Used by: Metadata.Format via sedMany Example: ("\\(JEL [A-Z][0-9][0-9]+\\)\\.?", "") — remove JEL classification codes

htmlRewriteRegexpAfter :: [(String, String)]

~140 regex patterns applied after fixed-string rewrites.

Used by: Metadata.Format via sedMany Examples:

  • ("from ([0-9\\.]+) to ([0-9\\.]+)", "\\1 → \\2") — "from 8 to 256" → "8 → 256"
  • ("([0-9]+)[ -]fold", "\\1×") — "10-fold" → "10×"

htmlRewriteTestCases :: [(String, String)]

Test cases for verifying rewrite correctness.

Used by: Test.hs

cleanAuthorsRegexps :: [(String, String)]

Regex patterns for normalizing author name formatting.

Used by: Metadata.Author Examples:

  • ("([A-Z]\\.)([A-Za-z]+)", "\\1 \\2") — "A.Smith" → "A. Smith"
  • ("^([A-Z][a-z]+), ([A-Z]\\.)$", "\\2 \\1") — "Smith, J." → "J. Smith"

cleanAuthorsFixedRewrites :: [(String, String)]

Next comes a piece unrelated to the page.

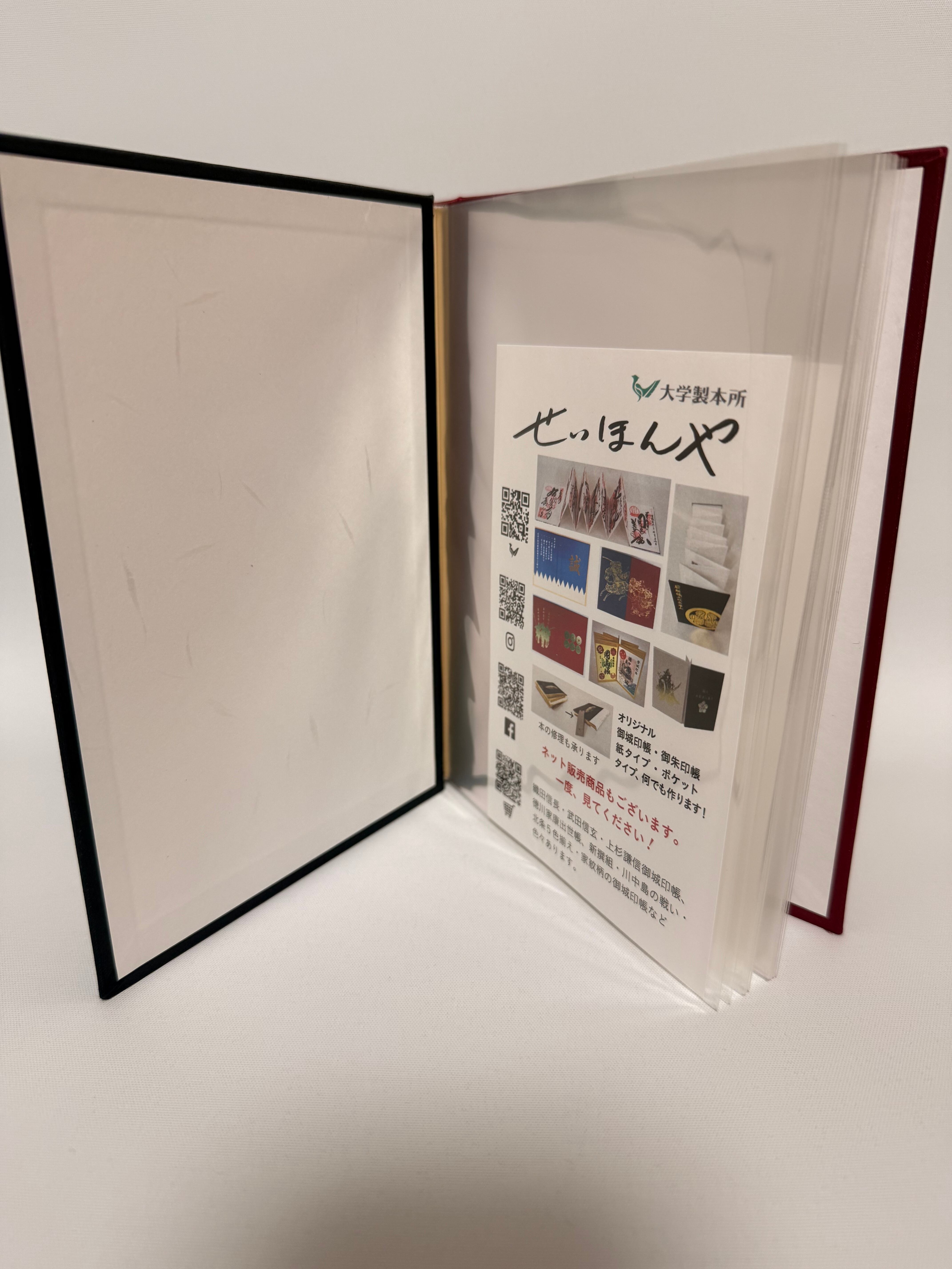 ポケットが20枚搭載されており、表裏で最大40枚の御城印を収納できます。ポケットサイズはB6サイズまで対応しているため、大きめの御城印も安心して収められます。
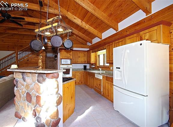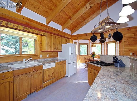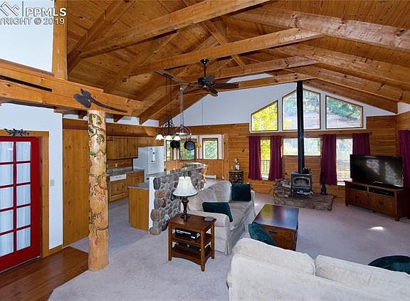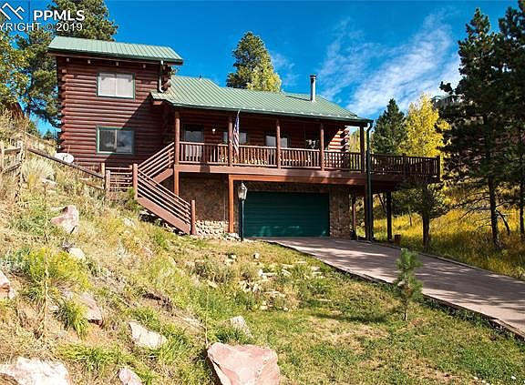 Now this is mountain living!! Welcome home to this gorgeous Tennessee Pine log home with Pikes Peak views!! Walk in the front door and enjoy the open concept large living, dining and kitchen great for entertaining with access to the large 26x14 deck facing Pikes Peak. The main floor boasts gorgeous vaulted log beamed ceilings with southern facing windows to enjoy the million dollar view. Downstairs you will find another family room complete with a Browning Prosteel gun safe with dehumidifier on a concrete pad bolted to the floor. The garage offers an extra storage room/man cave area and workshop with plenty of shelving. Outside you are surrounded by pine and aspen trees and the side yard is completely fenced in. The home is located on the edge of Woodland Park close to shopping, schools, restaurants, entertainment and 15 miles to Colorado Springs!

Fixed string replacements for author name cleanup.

Used by: Metadata.Author Examples: Remove degree suffixes like " PhD", " MD", " M.Sc.", etc.

filterMetaBadSubstrings :: [String]

Substrings that indicate junk metadata to filter out.

Used by: Metadata.Format via filterMeta Examples: "Adobe", "Microsoft", "Unknown", "LaTeX", "pdftk"

filterMetaBadWholes :: [String]

Exact strings that indicate junk metadata.

Examples: "user", "Owner", "Admin", "template"

balancedBracketTestCases :: [(String, String)]

Test cases for bracket-balancing validation.

printDoubleTests :: [(Double, Int, String)]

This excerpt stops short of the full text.